7.10: Cross-validation
- "In general, with a multistep modeling procedure, cross-validation must be applied to the entire sequence of modeling steps.
- Exception: initial unsupervised screening steps can be done before samples are left out.
- Example: Select the predictors with the highest variance across all samples before starting x-val. The filtering does not involve the class labels so it doesn't provide an unfair advantage.
- The model is completely retrained at each fold in the process
Chapter 14: Unsupervised Learning
14.1: Introduction
- Supervised learning: input: predictor variables, output: response variables
- characterized by Loss function L(y, yhat)=(y=yhat)^2
- density estimation problem: determining properties of conditional density Pr(Y|X)
- want parameters that minimize expected error
- Unsupervised learning goal is to estimate joint density Pr(X)
- For low dimensional problems, can directly estimate density Pr(X) at all X values
- Identify a low dimensional manifold within the X-space that represent high density data
- Provide information about the association among variables and whether or not they can be considered functions of a smaller set of latent variables.
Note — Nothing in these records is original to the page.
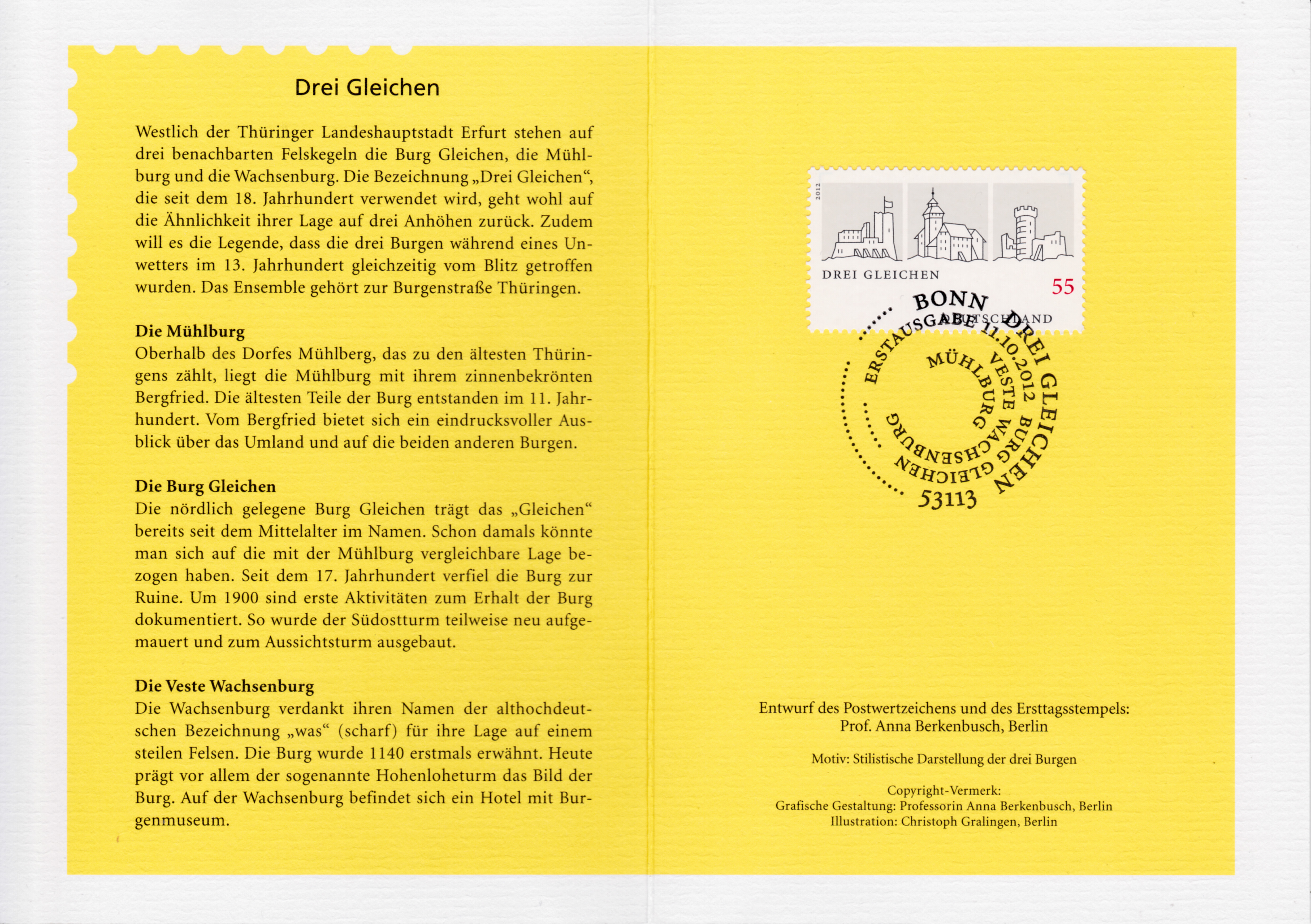 Die Klappkarte des Vorstandsvorsitzenden der Deutschen Post AG mit der Marke "Burgenensemble Drei Gleichen" und dem Ersttagsonderstempel Bonn gibt ein paar Informationen über die Burg Gleichen, die Mühlburg und die Wachsenburg.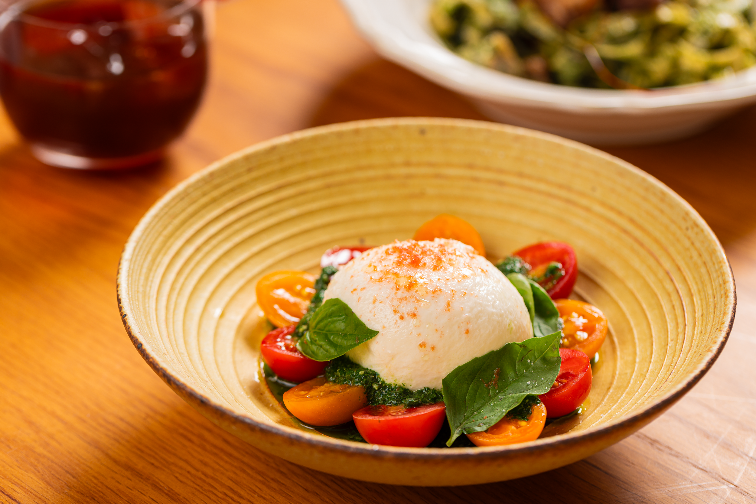 美如艺术品的番茄布拉塔,正适合作为前菜开场,酸酸甜甜的小番茄与奶香浓郁的奶包子就是经典CP,简单却不会出错。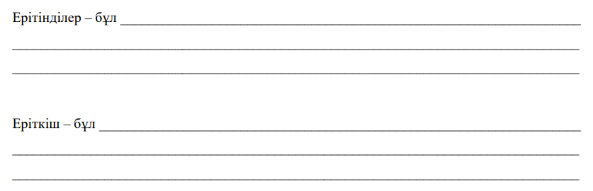 Дескриптор: -Әрбір ұғымды берілген сипаттамалармен сәйкестендіреді Дескриптор: Суреттердің атауын жазады Дескриптор: -Сұрақтарға жауап береді |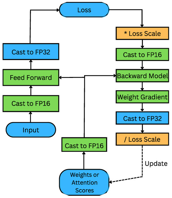 In our framework, we utilized the APEX AMP (automatic mixed precision) PyTorch extension to implement mixed precision seamlessly with minimal code in Nvidia A100 GPU. Figure 6 illustrates the concept of mixed precision, where FP16 and FP32 values are cast to preserve accuracy. A scale factor of 128, commonly used for loss scaling, is employed to maintain values and accuracy, serving as a constant in our study.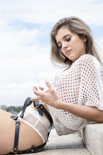 Красивая молодая девушка в белье на набережной города
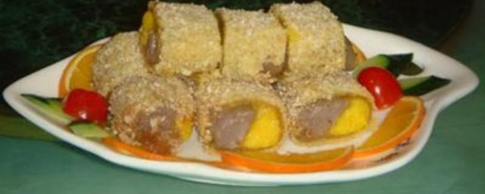 将黄白色的段各取一条合拢,捏成三角条形,两头向上扭成螺旋形圆饼,按扁,包入馅,入温猪油锅内炸制,酥饼黄、白两边各安上蜜樱桃一颗即成。Fun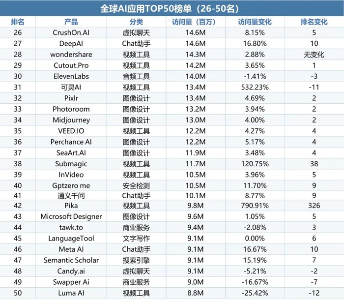 全球AI应用TOP50榜单中,Pika以环比790.91%的增长率,跃升326位至第42名

- Cluster analysis attempts to find multiple convex regions of the X-space that contain modes of Pr(X)
- This can tell whether or not Pr(X) can be represented by a mixture of simpler densities representing distinct types of classes or observations
14.3 Cluster Analysis
- potential goals: Estimating K (how many groups?), determining hierarchy
- "We don't use labels in the clustering but will examine posthoc which labels fall into which clusters
- Estimating within cluster dissimilarity Wsubk as a function of the number of clusters K
- cross-validation doesn't work here because W generally decreases with increasing K
- If K is less than K*, then clusters returned by algorithm will each contain a subset of the true underlying groups
- As you partition individuals into more clusters than there are in actuality, this will tend to provide a smaller decrease in the criterion as K is further increased.
- Splitting a natural group reduces the criterion less than partitioning the union of two well-separated groups.
- Gap Statistic: identify a kink in the plot of Wk = f(K)
Chapter 15: Random Forests
- Bootstrap aggregation works well for high variance low bias procedures
- regression: average the prediction
- classification: the predictions form a committee and vote
- Random forests builds a large collection of de-correlated trees and averages them
- Average many noisy but approximately unbiased models.